Drive-thrus are exclusive, in the worst sense. For example, anybody can use a traditional coffee shop, even if to do so requires parking their car. Using a drive-thru coffee shop as a pedestrian can be a far less pleasant experience. They tend to be positioned at the edge of towns, usually on a main road or a roundabout that is unpleasant to access on foot; once there, pedestrians are left in no doubt that the facilities have not been designed for them – even if they live within a few moments walk.


Drive-thrus are also selfish. They take up more space than conventional branches, due to the requirement for people to queue in cars, then park up afterwards. For a country where people complain about every green space being built upon, drive-thru facilities are surely wasteful.


Perhaps worse, drive-thrus inconvenience the many people who don’t use them. There is a roundabout in my town which is home to three drive-thru facilities – a coffee shop and two fast food chains – that is the source of frequent traffic jams and tailbacks.


People who are trying to get somewhere are frequently held up by customers waiting to get into drive-thrus. Those in the queues must surely find their blood pressure rising, before they even get hold of their burgers.


That argument links to the widespread public health crisis that has swept the UK. We all need to be more active and, as all of the above arguments highlight, drive-thrus encourage the exact opposite of activity.


If there is a time and a place for drive-thrus, it is limited.

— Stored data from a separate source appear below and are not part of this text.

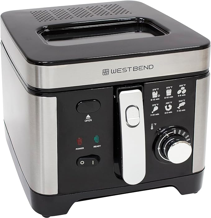 West Bend Deep Fryer with Adjustable Temperature Control Nonstick Basket Easy-View Window and Temperature Guide, Folding Handle and Locking Cover for Easy Storage, 3-Liter, Silver -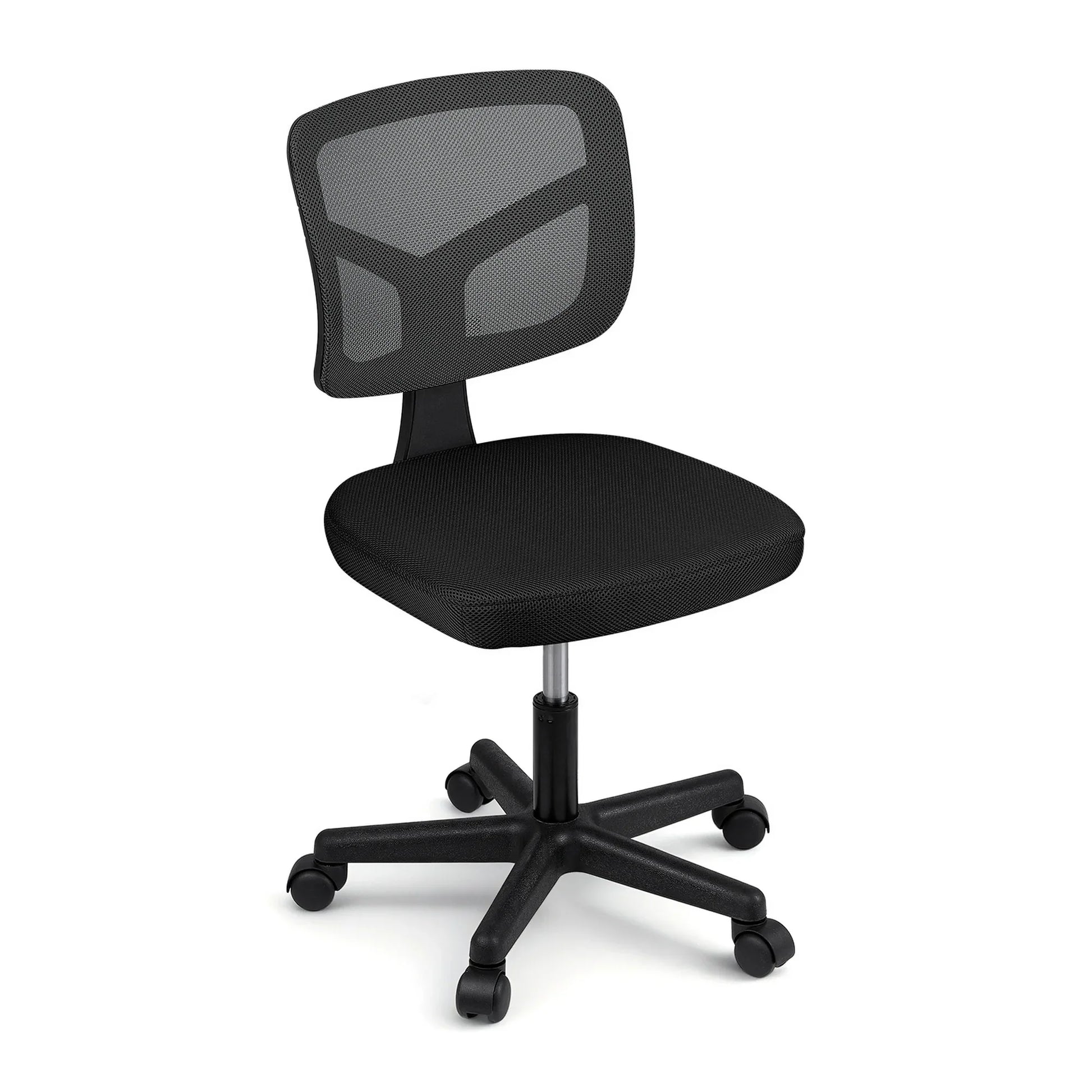 Artiss Armless Office Chair with Wheels, Ergonomic 360° Swivel Home Office Desk Chair, Height Adjustable Computer Task Chair with Fabric Back and Seat for Small Space, Black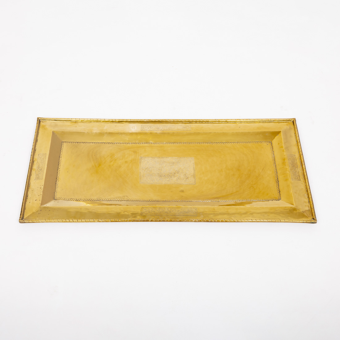 Em metal amarelo, decoração com gravados vegetalistas. Sinais de uso e pequenas amolgadelas.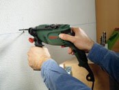 Если при работе сверло немного сместится, отверстие не будет просверлено прямо. Поэтому во время сверления Вы должны постоянно следить за тем, чтобы сверло входило строго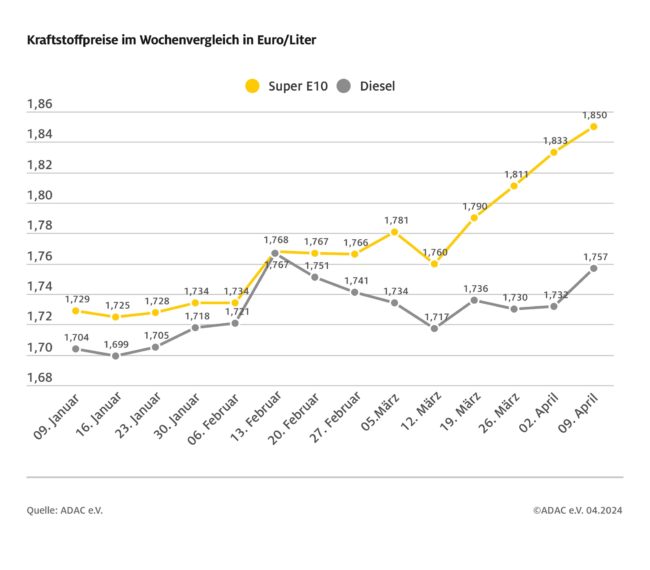 ADAC: Kraftstoffpreise steigen weiter – Benzin steigt gegenüber der Vorwoche um 1,7 Cent – Diesel um 2,5 Cent je Liter teurer
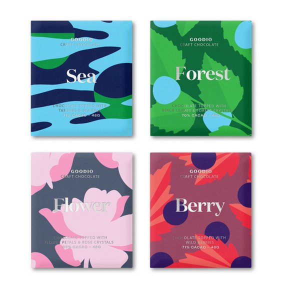 Herkuttele suomalaisella, käsintehdyllä suklaalla. Goodio-suklaa on valmistettu parhaista, pääosin luomulaatuisista ja osin villeistä raaka-aineista. Suklaa ei sisällä lisäaineita tai valkoista sokeria. Gluteeniton ja soijaton tuote sopii myös vegaaneille. Tuotteilla on Avainlippu- ja Design from Finland-merkit.
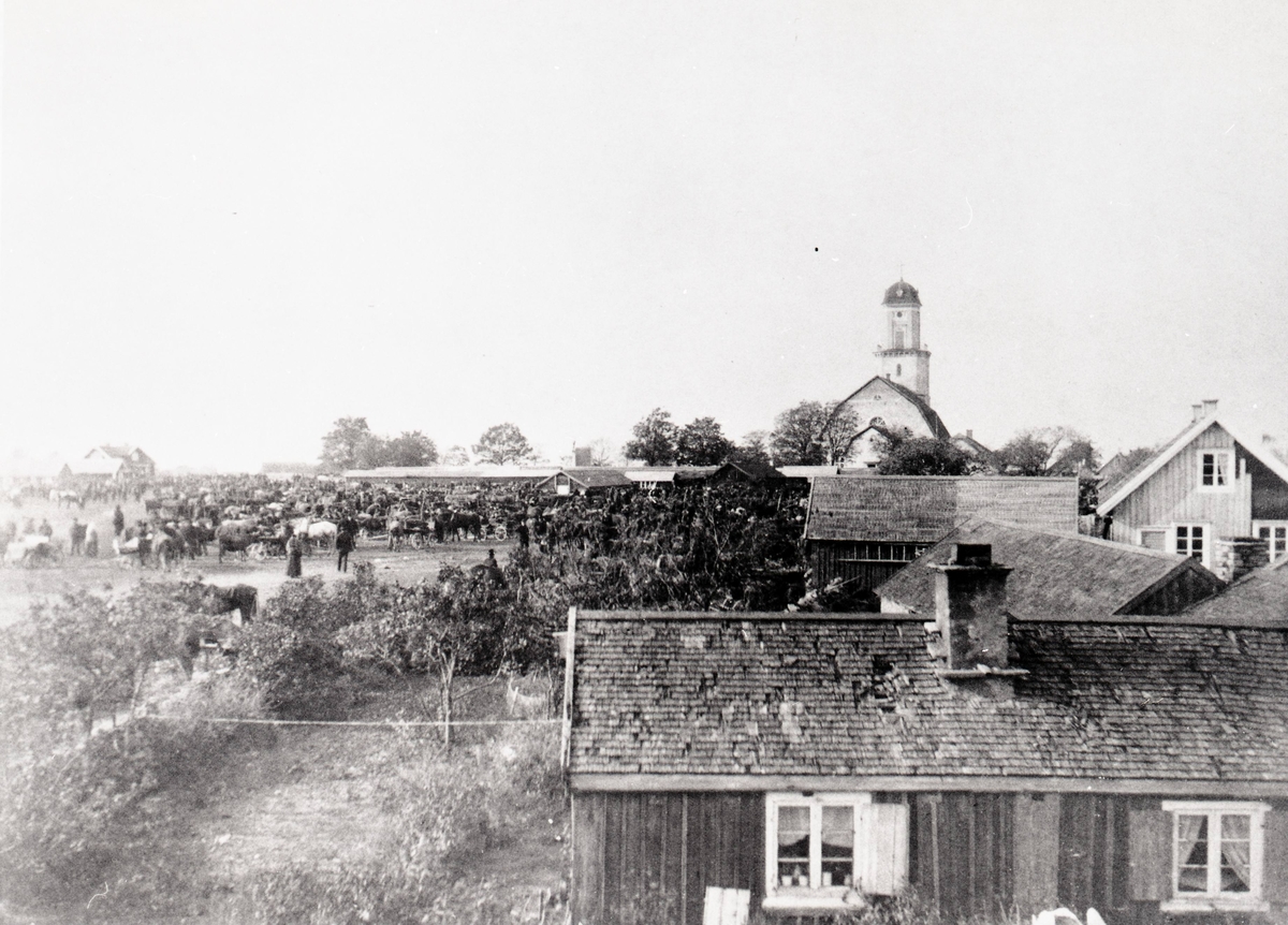 Algutsrums marknad. I huset till höger bodde Karl (Charles) Vidergren som omkom vid Titanic´s undergång.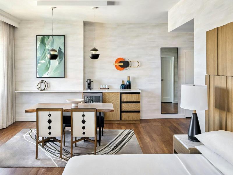 La habitación vieja , el aire sonaba raro y muy pequeña también. El bar del lobby bueno y también el restaurante Nfusion. Yo estuve durante la convención de expowest y pagamos 450 dólares la noche...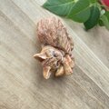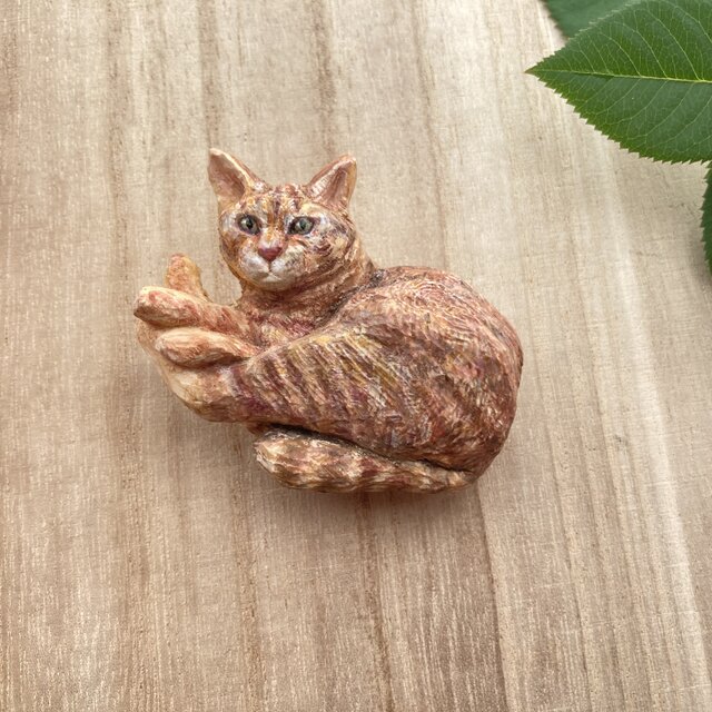 リピートです。今度の作品も大変可愛く、ぬくもりを感じます。木彫りですので軽やかなのも良いですし、毛並みがまるで本物の猫のように見えます! 付けない時は前回購入したブローチとセットで飾ります。 今回もありがとうございました!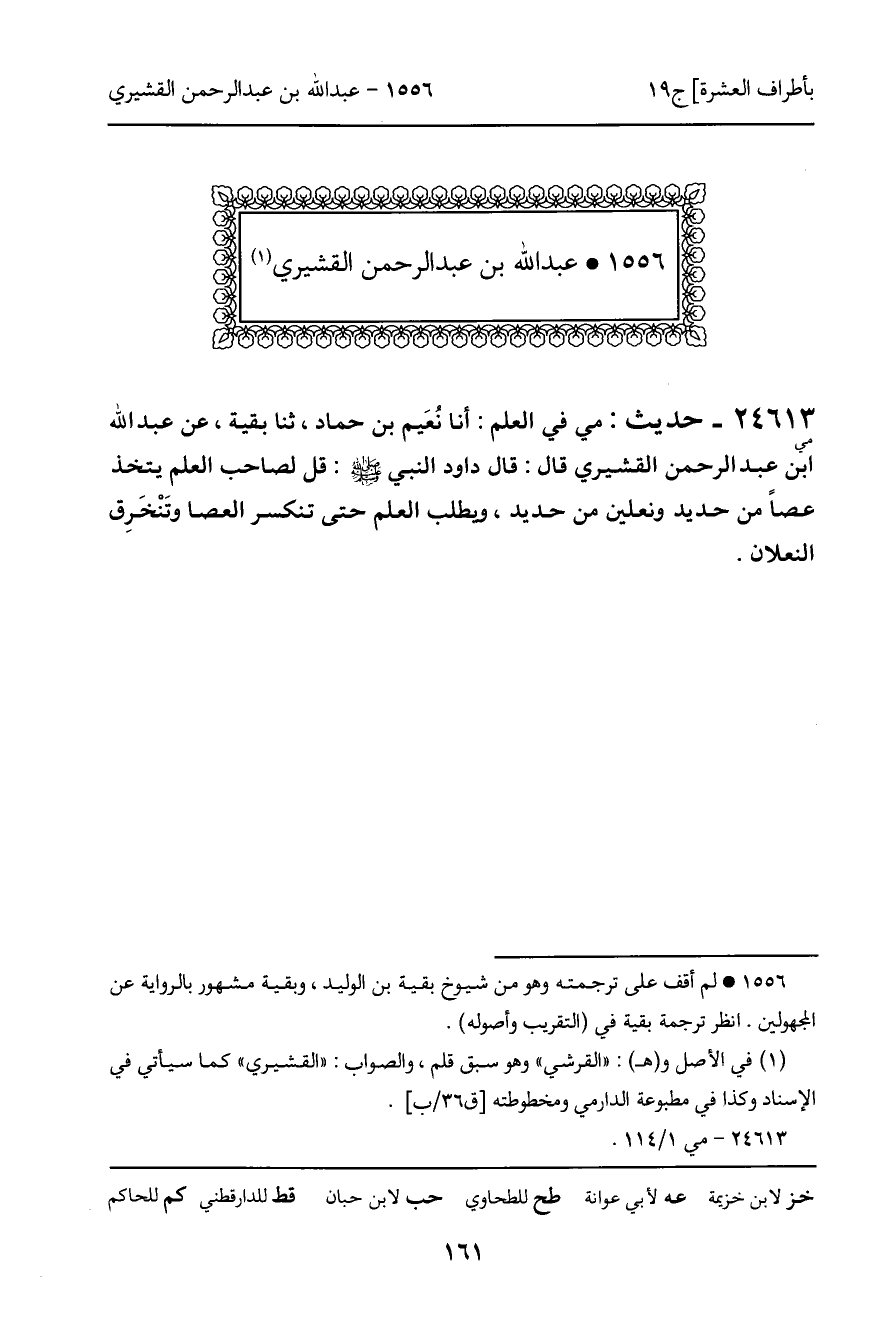 24613 - مي - حديث: مي في العلم: أنا نُعَيم بن حماد، ثنا بقية، عن عبد الله ابن عبد الرحمن القشيري قال: قال داود النبي صلى الله عليه وسلم: قل لصاحب العلم يتخذ عصاً من حديد ونعلين من حديد، ويطلب العلم حتى تنكسر العصا وتَنْخَرِق النعلان.

The US is generally seen as the home of the drive-thru, and for good reason. It is an enormous country where residents nearly all need cars to go about their daily lives.


But even there, simple arguments like size and distance are too basic to explain the development of drive-thrus. The more complex truth is that the country’s zoning laws, which make it difficult to build stores and restaurants in residential areas, and its rapid growth and development in the early 20th century – the golden years of the automobile – are behind the US love of the drive-thru. With increased congestion and pollution, and a growing focus on the environment, the US would surely evolve in a different way if its growth were happening now.


The UK, indeed most of Western Europe, is populated with more compact and accessible towns that offer far better public transport options than most of the US. Drive-thrus are not needed here.


In 21st century Britain drive-thrus are an anachronism. Worse, they are not ever our anachronism.